Taylor Harrington, NICU Nurse.
This case study follows Adrienne, a premature infant whose Neonatal Intensive Care stay was complicated by bowel perforations, significant faecal peritonitis and large volume turbid ascites, secondary to a milk curd obstruction. She required a beside laparotomy in the Neonatal Intensive Care Unit (NICU) and her postoperative journey was very difficult, complicated by hypovolemic shock, an aortic clot, a wound dehiscence with a fistula formation, and a further deterioration with septic shock leading to reduced blood flow to her small bowel.

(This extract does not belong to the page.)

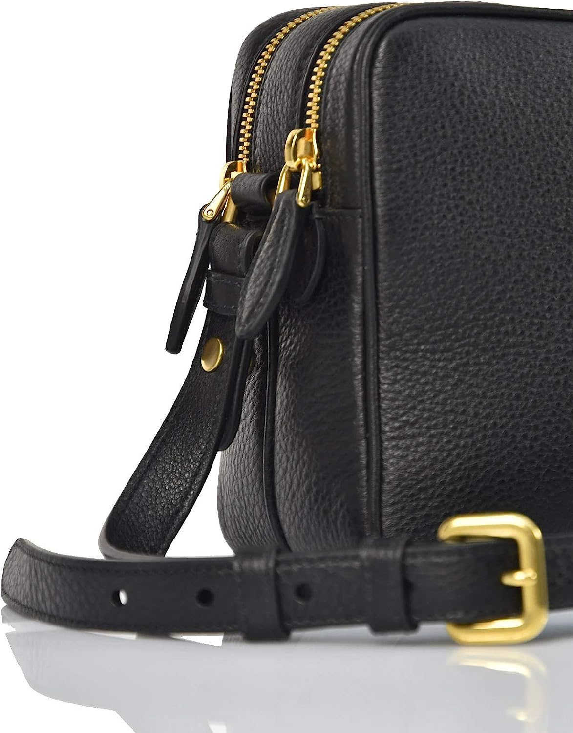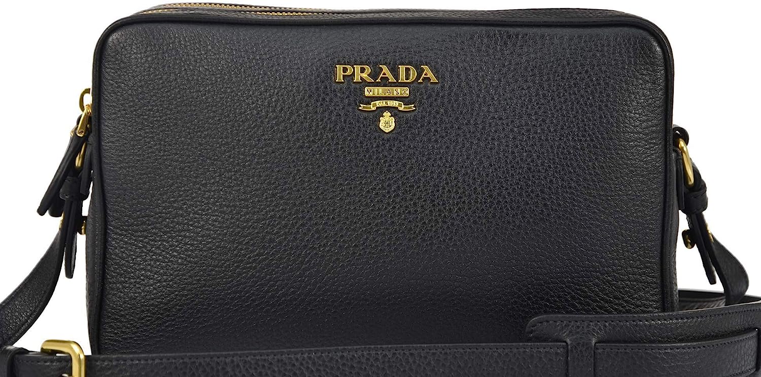 Prada Women's Black Bandoliera Vitello Phenix Leather Crossbody Bag 1BH079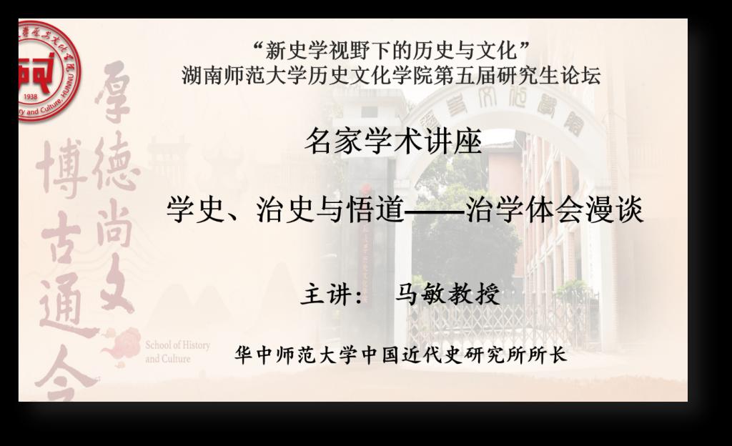 马敏教授从自身治学经历出发,为我们分享了学史、治史的相关经验,希望通过分享自身学习历史和研究历史的过程,解答现阶段研究生学习的一些困惑。马敏教授首先强调了治学与做人的关系,认为“修、齐、治、平”同样适用于治学。通过分享自己的研究生学习经历,告诉大家“学史先学德”,人品与学问是不可分割的,同时提醒大家一定要珍惜时间,不要虚度光阴。此外马敏教授通过介绍章开沅、林增平、吴承明、张舜徽、陈旭麓等先生的治学观念,告诫学生治学须史论结合,要有宏观的视野,要有“贯学熔铸”的通史思想,要学会纵通和横通。纵通,是要贯穿古今,“究天人之际,通古今之变”;横通,则是要学会联系各个学科知识,学科之间应该不设限。其次,马敏教授结合自己的主要研究领域,为大家介绍了研究方法的同时,也解答了“如何去做学问”这一问题。马敏教授认为治学是一个从冷门到热门,又从热门到冷门的过程。历史需要远观和过滤,在吸收最新的研究资料的同时,也应该保持严谨的治学态度。要有“冷板凳”精神,保持理性,不断“回炉”,不断再思考,才能做好学问。最后,马敏教授为大家总结了八个治史的基本旨趣:从史料出发、切合实际、放开视野、史论结合、志趣高远、持之以恒、“流水不争先”、循序渐进,意在勉励青年学子们在未来的治史道路中能够夯实基础、奋力向前。

Adrienne was born prematurely at 23 weeks +5 days gestation weighing 645 grams. Her weight was in the 92nd centile for her gestion and sex. She was intubated at birth for poor respiratory effort and given one dose of surfactant in the delivery room. She was transferred to NICU where she continued to need escalating respiratory support to High Frequency Oscillation Ventilation (HFOV) and received two further doses of surfactant. Maternal placental swabs were positive for Enterococcus Faecalis, and Adrienne received 36 hours of antibiotics after her birth. The antibiotics were discontinued at that time because Adrienne’s blood cultures remained negative.

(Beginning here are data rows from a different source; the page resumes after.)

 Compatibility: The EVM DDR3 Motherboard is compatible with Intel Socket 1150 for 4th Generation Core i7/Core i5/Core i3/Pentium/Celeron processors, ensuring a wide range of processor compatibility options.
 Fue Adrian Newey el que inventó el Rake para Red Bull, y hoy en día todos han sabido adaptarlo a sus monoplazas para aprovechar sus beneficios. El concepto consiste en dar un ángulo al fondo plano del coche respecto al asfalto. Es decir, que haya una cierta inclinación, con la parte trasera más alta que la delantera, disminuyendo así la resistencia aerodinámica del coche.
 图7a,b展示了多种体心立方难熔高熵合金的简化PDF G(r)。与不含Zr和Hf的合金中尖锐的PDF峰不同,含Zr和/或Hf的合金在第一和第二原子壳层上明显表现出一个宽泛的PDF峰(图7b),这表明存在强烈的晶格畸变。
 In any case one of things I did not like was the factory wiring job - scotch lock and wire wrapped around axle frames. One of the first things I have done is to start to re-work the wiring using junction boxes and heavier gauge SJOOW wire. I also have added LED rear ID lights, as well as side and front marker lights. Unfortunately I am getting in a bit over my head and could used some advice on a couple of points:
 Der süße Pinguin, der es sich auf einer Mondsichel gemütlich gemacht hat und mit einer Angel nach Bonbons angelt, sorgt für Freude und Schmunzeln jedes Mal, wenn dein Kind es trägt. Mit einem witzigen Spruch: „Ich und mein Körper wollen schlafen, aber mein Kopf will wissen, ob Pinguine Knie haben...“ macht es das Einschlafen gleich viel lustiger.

Although Adrienne’s lungs were still developing and she was requiring significant ventilation support, she was slowly grading up on gastric feeds. She had a brief set back on day 5 of life, when she developed ventilator associated pneumonia, but was treated with another course of antibiotics. She passed her first meconium on day 7 of life and her abdomen was examined to be soft and non-tender.

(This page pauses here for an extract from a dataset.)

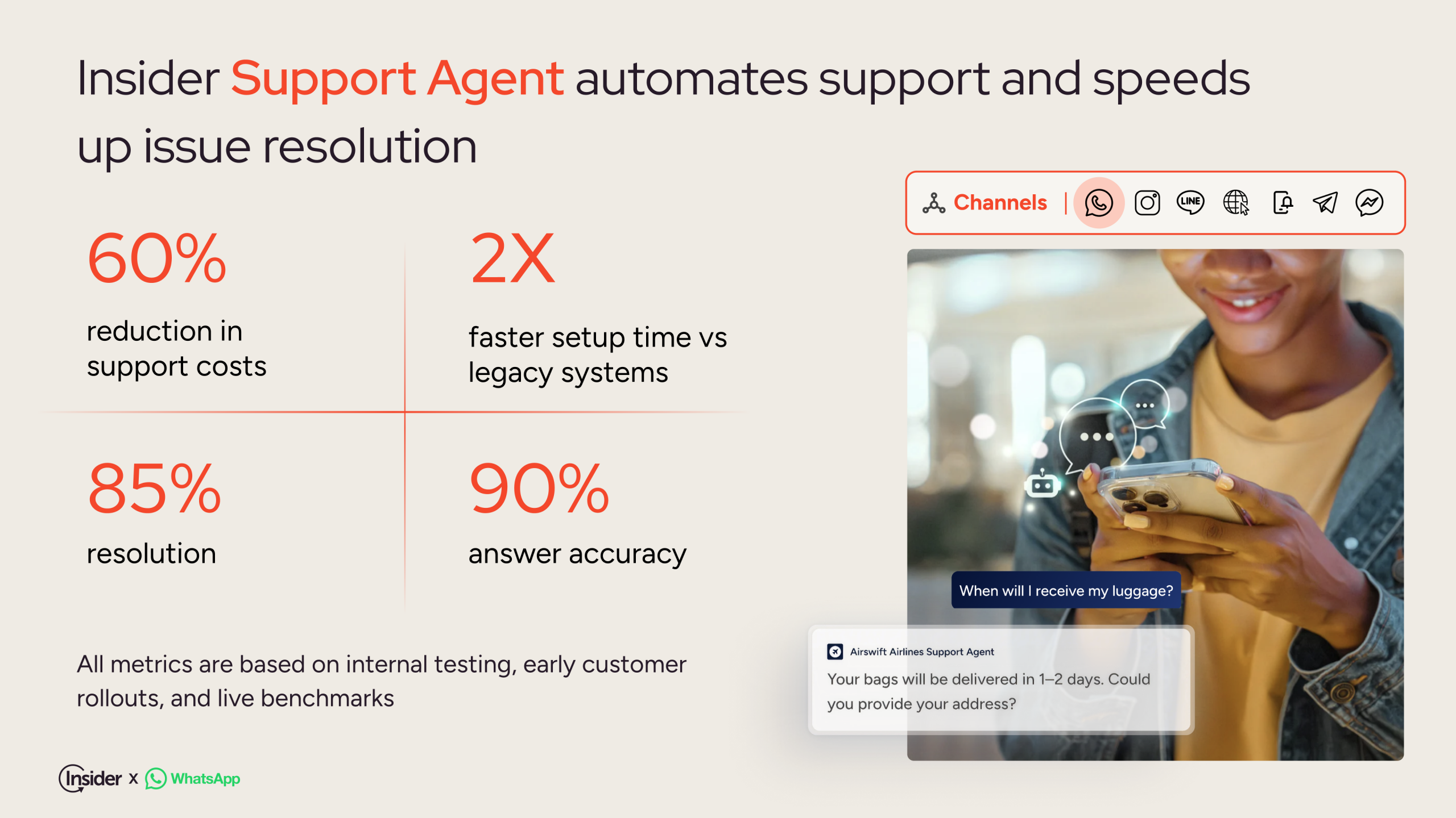 - Support Agent integrates with a brand’s existing systems (CRMs, payment gateways, order systems, etc.) and knowledge base, resulting in instantaneous and conversational support and issue resolution. It includes a personalization layer with centralized data for unique interactions and targeted communication. Early adopters report a 60% reduction in support costs, a resolution rate of 85%, and 90% answer accuracy.

On day 11 of life, Adrienne deteriorated and had increased abdominal distention. Necrotising enterocolitis is always a concern from premature babies with abdominal distention, so blood cultures were taken, and she was started on antibiotics to cover for gut concerns. Her feeds were stopped, and she was placed nil by mouth (NBM) at this time. Xray films revealed reduced gas in the bowel loops but no free air. She continued to deteriorate over the next few days and on day 14 of life she suffered hypovolaemic/septic shock. She required multiple saline boluses and significant inotropic support of adrenaline, noradrenaline, dopamine and hydrocortisone to keep her blood pressures within normal ranges for a baby of her gestation.
On day 15 of life, Xray films revealed fluid filled bowel loops and abdominal wall oedema, with reduced central gas and looked concerning for a perforation. At this time, Adrienne was prepped for transfer to a tertiary surgical facility where she would undergo a laparotomy to determine what was causing her extreme abdominal distension. She was only 25 weeks +5days corrected gestational age and weighed 790grams.
Once Adrienne arrived in the surgical NICU, it was evident that she was too unstable to transfer down to theatre. She was requiring significant ventilation support, inotropic support and was very unstable during the short transfer from the referring hospital. The paediatric surgeons prepared their team for a bedside laparotomy in NICU.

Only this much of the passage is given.